Leaving out the pictures, reproduce each record exactly and in full.

___ SUPPLIED ENTRIES ___

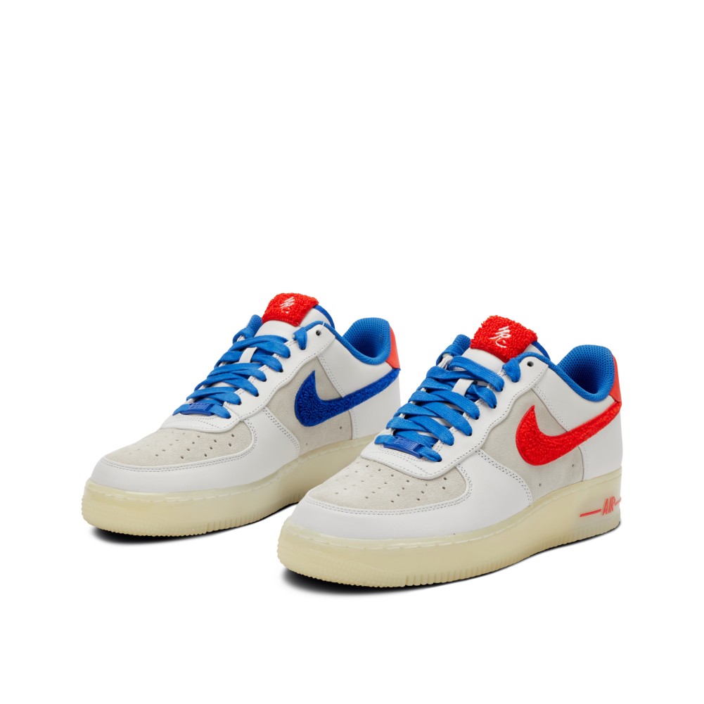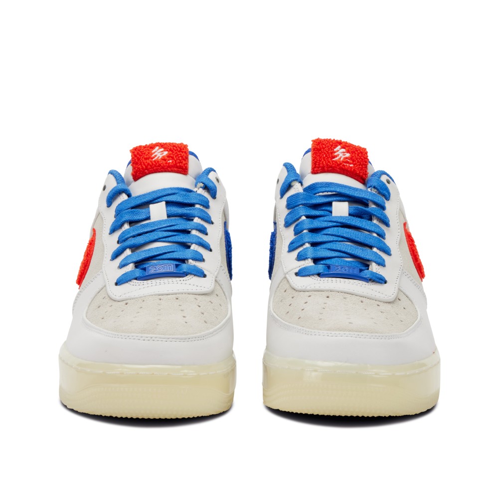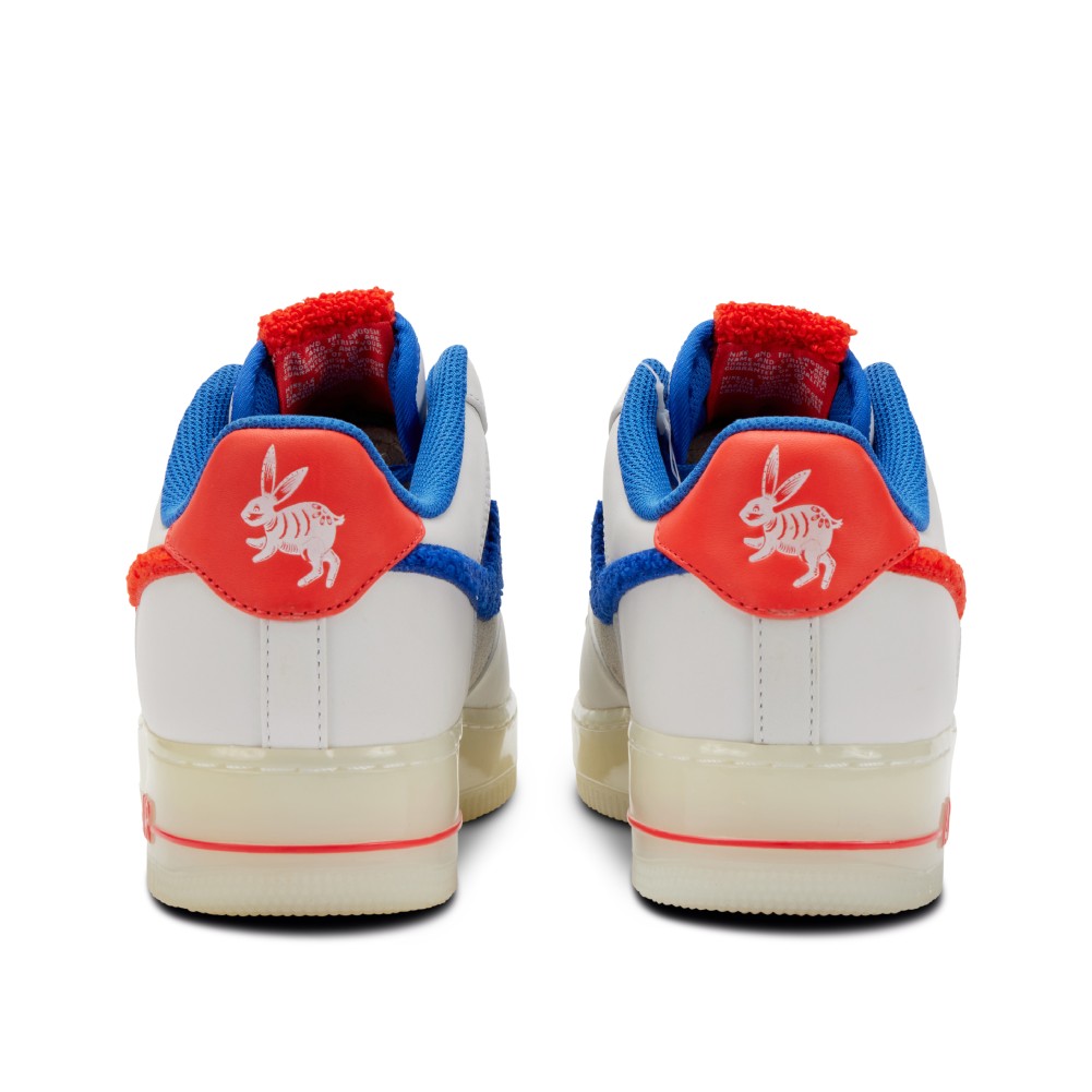 This limited edition Air Force 1 was released in honor of the Chinese New Year in 2011, the Year of the Rabbit. Inspired by the popular Shanghai candy, White Rabbit, the sneaker borrows inspiration from the color palette of the sweets. The polished, sleek sneaker features shades of white on a premium leather upper, along with off-white suede paneling and toe box that sits atop a translucent white midsole. The pair features a chenille Swoosh is red on the lateral side and blue on the medial and is complimented by a vivid blue topline, waxed blue laces and a ?2011? deubr? to match. In tribute to the New Year, the Chinese character ? (rabbit) is stitched on the chenille tongue tag and an animated rabbit stamped on the back heel. The sneaker insoles feature unique branding dedicated to the theme. The pair comes with red shoelaces in addition to blue.
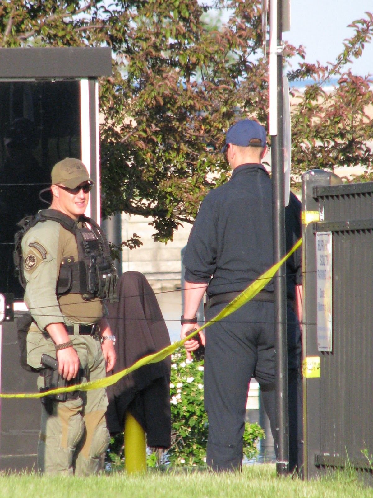 Before we get to the photos, here is how the dignitary / head of state transportation is working! The military and Homeland Security helicopters meet the honored guests at area airports. Those airports are O'Hare, Chicago Executive, Rockford, and one other airport that is unconfirmed. They then fly the guests to Northerly Island (used to be Meigs Field) at Burnham Harbor, where they are are then transported under heavily armed guard using U.S. Government buses and unmarked vans to the old McCormick Place. They are then taken into and through that building to the new McCormick Place and they are also taken DIRECTLY to the NEW McCormick Place building thus bypassing the old McCormick Place and escorted into an entrance just to the North of the public entrance. (all of this was personally observed). This can also be confirmed by way of the NATO Security Transportation Plan PDF file at the Shortwave America NATO Communications Guide and Live Communications Coverage post.
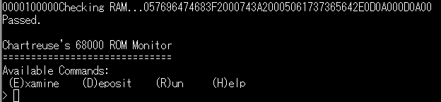 移植したモニタをSレコードからBレコードに変換したあとに、ブートローダーで読み込ませたところ無事モニタが起動しました。メモリチェック機能もあるようです。
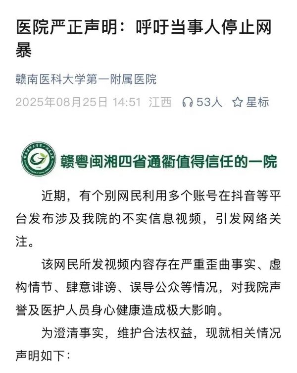 8 月 25 日,赣南医科大学第一附属医院发布严正声明:呼吁停止网暴。
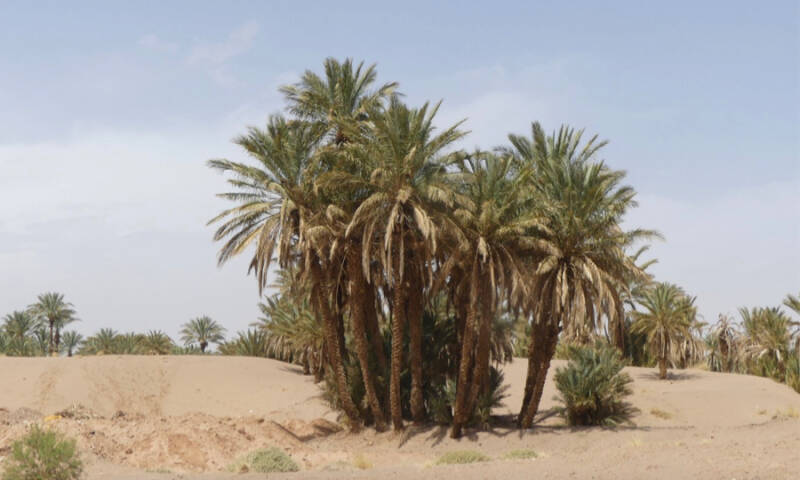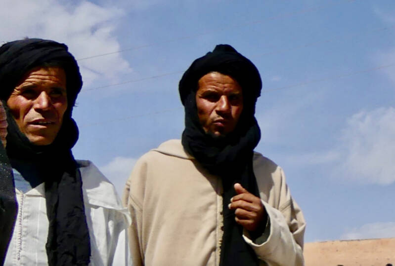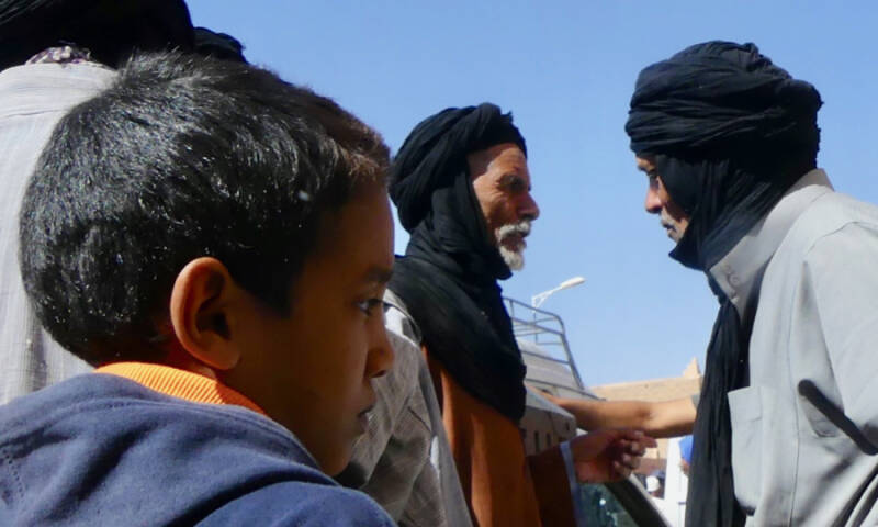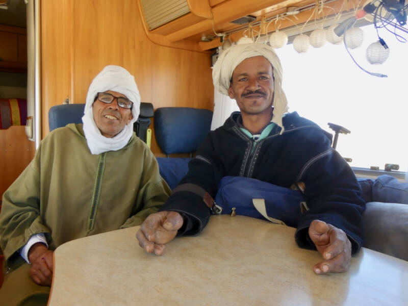 We hebben onderweg 2 lifters meegenomen, meer plaats hadden we niet anders waren het er wel 10 geworden. Er is geen openbaar vervoer en er rijdt hier maar heel weinig verkeer. Het waren 2 vrolijk kwebbelende boeren, Lahcen en Mohamed, die alleen een Berders spraken, hier in Zuid Marokko is dat het Tachelhit. Ze moesten in Zagora zijn en een wilde wel mee naar het nomadenfestival in Mhamid.
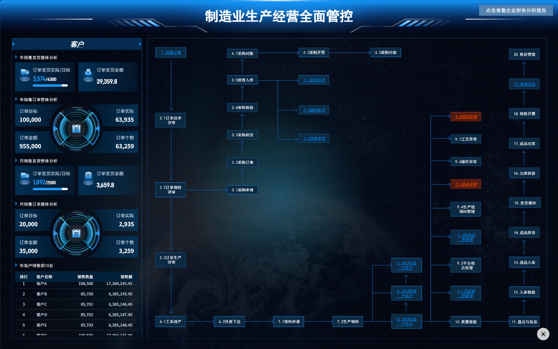 老规矩,开始前先给大家分享一份整理好的制造业生产经营全面管控看板,适用于制造、营销、库存、生产、设备管理、能耗等企业运营场景,能够帮助你实时掌握企业的运营状态。
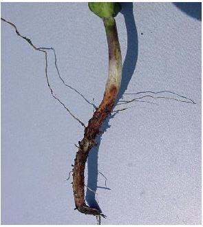 Symptoms of Rhizoctonia root rot. Note the red discoloration.
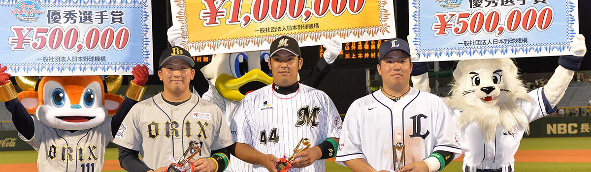 最優秀選手賞(MVP)は、2本塁打を含む3安打3打点の井上が獲得、優秀選手賞には、ともに本塁打を放った山川穂高(埼玉西武)と奥浪鏡(オリックス)が選ばれました。
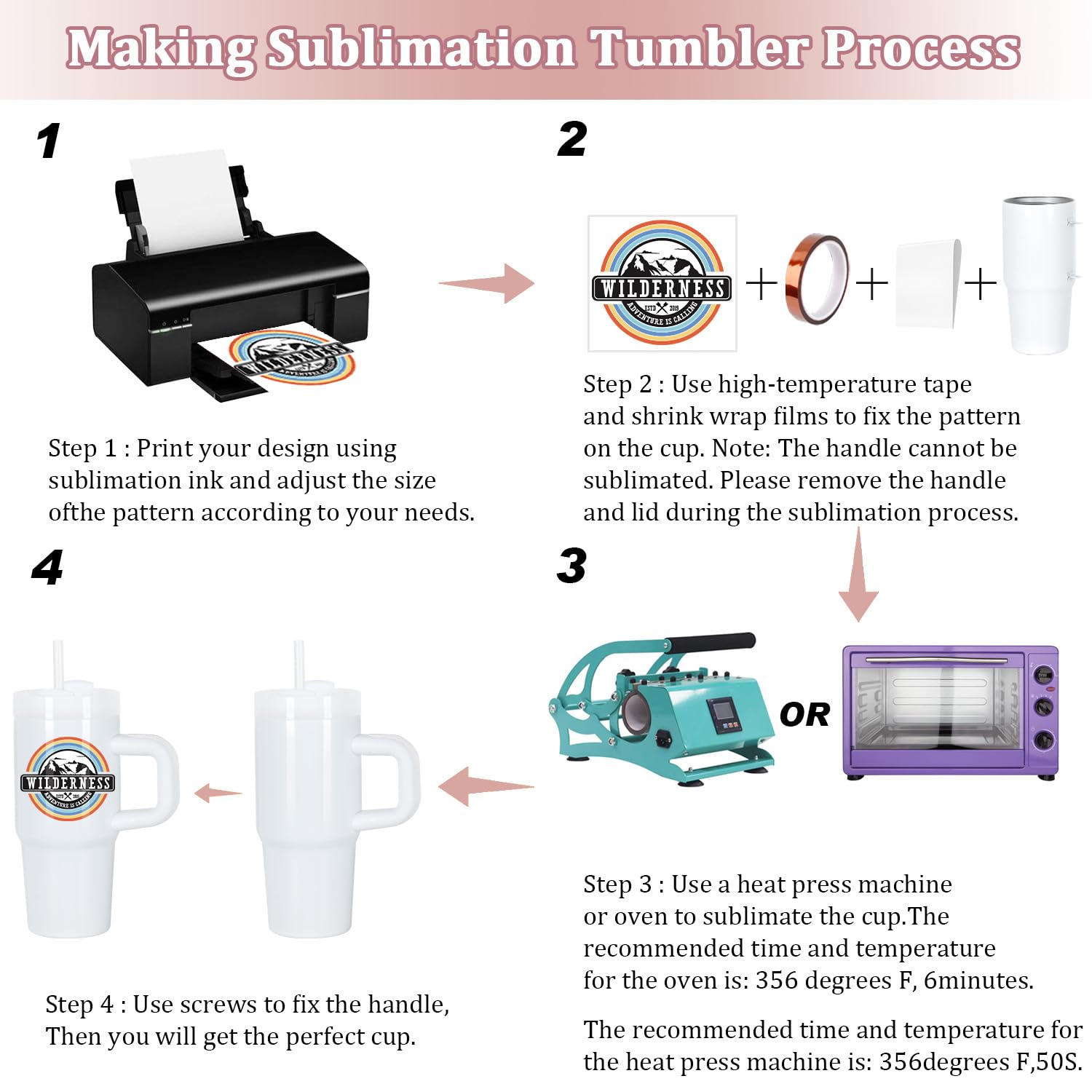 - 【Sublimation Process】 The 14 oz Sublimation tumblers can be sublimated using heat press and convection oven. Convection oven recommended: 350℉, 5~6 minutes. Heat press recommended: 350℉, 50 seconds.The handle cannot be sublimated, please remove the handle before sublimation.

___

RESULT OF THE EXERCISE:
 This limited edition Air Force 1 was released in honor of the Chinese New Year in 2011, the Year of the Rabbit. Inspired by the popular Shanghai candy, White Rabbit, the sneaker borrows inspiration from the color palette of the sweets. The polished, sleek sneaker features shades of white on a premium leather upper, along with off-white suede paneling and toe box that sits atop a translucent white midsole. The pair features a chenille Swoosh is red on the lateral side and blue on the medial and is complimented by a vivid blue topline, waxed blue laces and a ?2011? deubr? to match. In tribute to the New Year, the Chinese character ? (rabbit) is stitched on the chenille tongue tag and an animated rabbit stamped on the back heel. The sneaker insoles feature unique branding dedicated to the theme. The pair comes with red shoelaces in addition to blue.
 Before we get to the photos, here is how the dignitary / head of state transportation is working! The military and Homeland Security helicopters meet the honored guests at area airports. Those airports are O'Hare, Chicago Executive, Rockford, and one other airport that is unconfirmed. They then fly the guests to Northerly Island (used to be Meigs Field) at Burnham Harbor, where they are are then transported under heavily armed guard using U.S. Government buses and unmarked vans to the old McCormick Place. They are then taken into and through that building to the new McCormick Place and they are also taken DIRECTLY to the NEW McCormick Place building thus bypassing the old McCormick Place and escorted into an entrance just to the North of the public entrance. (all of this was personally observed). This can also be confirmed by way of the NATO Security Transportation Plan PDF file at the Shortwave America NATO Communications Guide and Live Communications Coverage post.
 移植したモニタをSレコードからBレコードに変換したあとに、ブートローダーで読み込ませたところ無事モニタが起動しました。メモリチェック機能もあるようです。
 8 月 25 日,赣南医科大学第一附属医院发布严正声明:呼吁停止网暴。
 We hebben onderweg 2 lifters meegenomen, meer plaats hadden we niet anders waren het er wel 10 geworden. Er is geen openbaar vervoer en er rijdt hier maar heel weinig verkeer. Het waren 2 vrolijk kwebbelende boeren, Lahcen en Mohamed, die alleen een Berders spraken, hier in Zuid Marokko is dat het Tachelhit. Ze moesten in Zagora zijn en een wilde wel mee naar het nomadenfestival in Mhamid.
 老规矩,开始前先给大家分享一份整理好的制造业生产经营全面管控看板,适用于制造、营销、库存、生产、设备管理、能耗等企业运营场景,能够帮助你实时掌握企业的运营状态。
 Symptoms of Rhizoctonia root rot. Note the red discoloration.
 最優秀選手賞(MVP)は、2本塁打を含む3安打3打点の井上が獲得、優秀選手賞には、ともに本塁打を放った山川穂高(埼玉西武)と奥浪鏡(オリックス)が選ばれました。
 - 【Sublimation Process】 The 14 oz Sublimation tumblers can be sublimated using heat press and convection oven. Convection oven recommended: 350℉, 5~6 minutes. Heat press recommended: 350℉, 50 seconds.The handle cannot be sublimated, please remove the handle before sublimation.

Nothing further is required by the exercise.